About this exercise: Copy every entry as is. Leave images out.

Provided information:
######

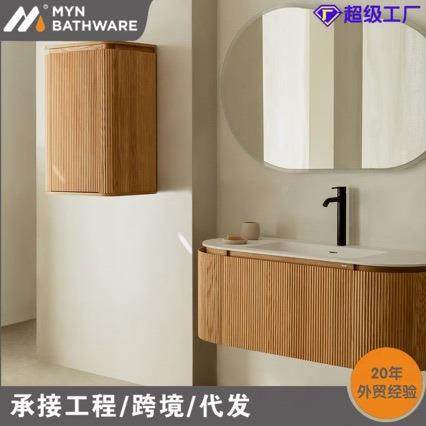 实木奶油风智能浴室柜组合卫生间洗漱台悬挂式 洗手洗脸盆柜陶瓷盆
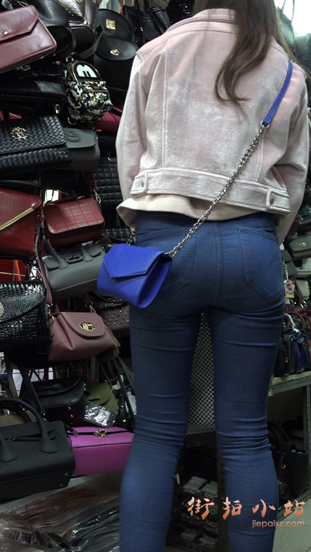 极品紧身蓝牛粉色高跟鞋女神姐姐逛鞋店
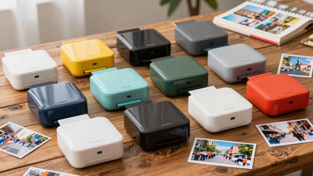 Imagine capturing a moment and having the power to print it instantly—that’s how battery life varies among these printers. Some models last for several hours on a single charge, ideal for long adventures, while others need frequent recharging. Charging options differ too; USB-C is common, making it easy to juice up on the go, but a few still rely on proprietary chargers. I always look for versatile options to keep my memories flowing effortlessly.
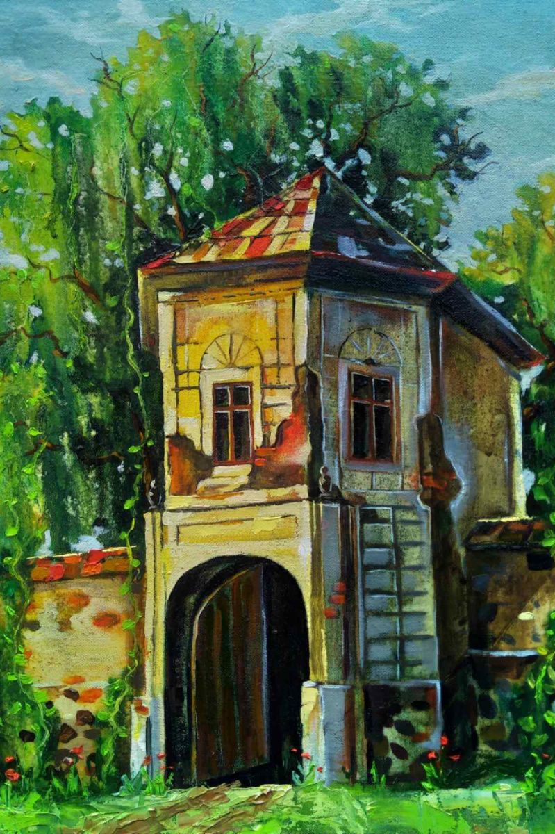 Картина выполнена масляными красками на холсте, во Дворце-крепость графов Телеки в с. Долгое, на картине изображена одна из башен дворца. Размер 40х50 см. Продается без рамки.
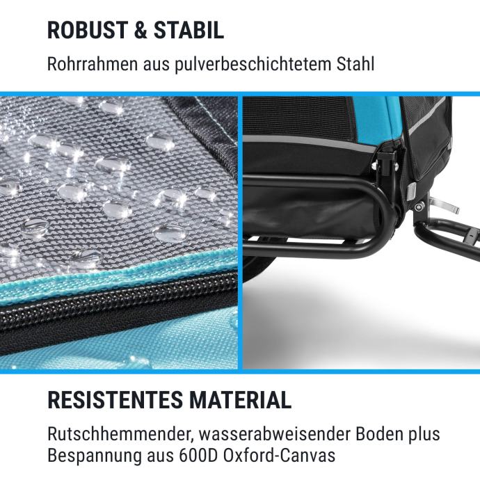 Zaradi notranjosti s prostornino 240 litrov in nosilnostjo do 40 kg ter koncepta SmartSpace izdelek ponuja dovolj prostora za udoben prevoz manjših in srednje velikih psov. Prikolica je izdelana iz jeklenega okvirja, zaščitenega s prašno barvo in oblečenega v vzdržljivo oxfordsko platno. Tako bo vaš štirinožni prijatelj vedno odlično zaščiten. Prikolica je proizvedena posebno za transport psov, zato je opremljena z nedrsečo, nepremočljivo in lahko podlogo, ki je izredno preprosta za čiščenje. Podloga je izdelana iz umetne mase. Voziček se lahko pohvali tudi z visokokakovostnimi vzmetmi SoftRide Suspension. Predhodno nameščena notranja varovala poskrbijo za varnost živali med prevozom. Sprednja in zadnja stranica imata všito mrežico, ki preprečuje vstop muham in omogoča dobro prezračevanje, zaradi praktičnega sistema odpenjanja z zadrgo pa ima pes lažji vstop in izhod iz vozička. V primeru slabega vremena ali močnega vetra lahko sprednjo in zadnjo stranico popolnoma zaprete ob uporabi nepremočljive prevleke.

######

Result for this exercise:
 实木奶油风智能浴室柜组合卫生间洗漱台悬挂式 洗手洗脸盆柜陶瓷盆
 极品紧身蓝牛粉色高跟鞋女神姐姐逛鞋店
 Imagine capturing a moment and having the power to print it instantly—that’s how battery life varies among these printers. Some models last for several hours on a single charge, ideal for long adventures, while others need frequent recharging. Charging options differ too; USB-C is common, making it easy to juice up on the go, but a few still rely on proprietary chargers. I always look for versatile options to keep my memories flowing effortlessly.
 Картина выполнена масляными красками на холсте, во Дворце-крепость графов Телеки в с. Долгое, на картине изображена одна из башен дворца. Размер 40х50 см. Продается без рамки.
 Zaradi notranjosti s prostornino 240 litrov in nosilnostjo do 40 kg ter koncepta SmartSpace izdelek ponuja dovolj prostora za udoben prevoz manjših in srednje velikih psov. Prikolica je izdelana iz jeklenega okvirja, zaščitenega s prašno barvo in oblečenega v vzdržljivo oxfordsko platno. Tako bo vaš štirinožni prijatelj vedno odlično zaščiten. Prikolica je proizvedena posebno za transport psov, zato je opremljena z nedrsečo, nepremočljivo in lahko podlogo, ki je izredno preprosta za čiščenje. Podloga je izdelana iz umetne mase. Voziček se lahko pohvali tudi z visokokakovostnimi vzmetmi SoftRide Suspension. Predhodno nameščena notranja varovala poskrbijo za varnost živali med prevozom. Sprednja in zadnja stranica imata všito mrežico, ki preprečuje vstop muham in omogoča dobro prezračevanje, zaradi praktičnega sistema odpenjanja z zadrgo pa ima pes lažji vstop in izhod iz vozička. V primeru slabega vremena ali močnega vetra lahko sprednjo in zadnjo stranico popolnoma zaprete ob uporabi nepremočljive prevleke.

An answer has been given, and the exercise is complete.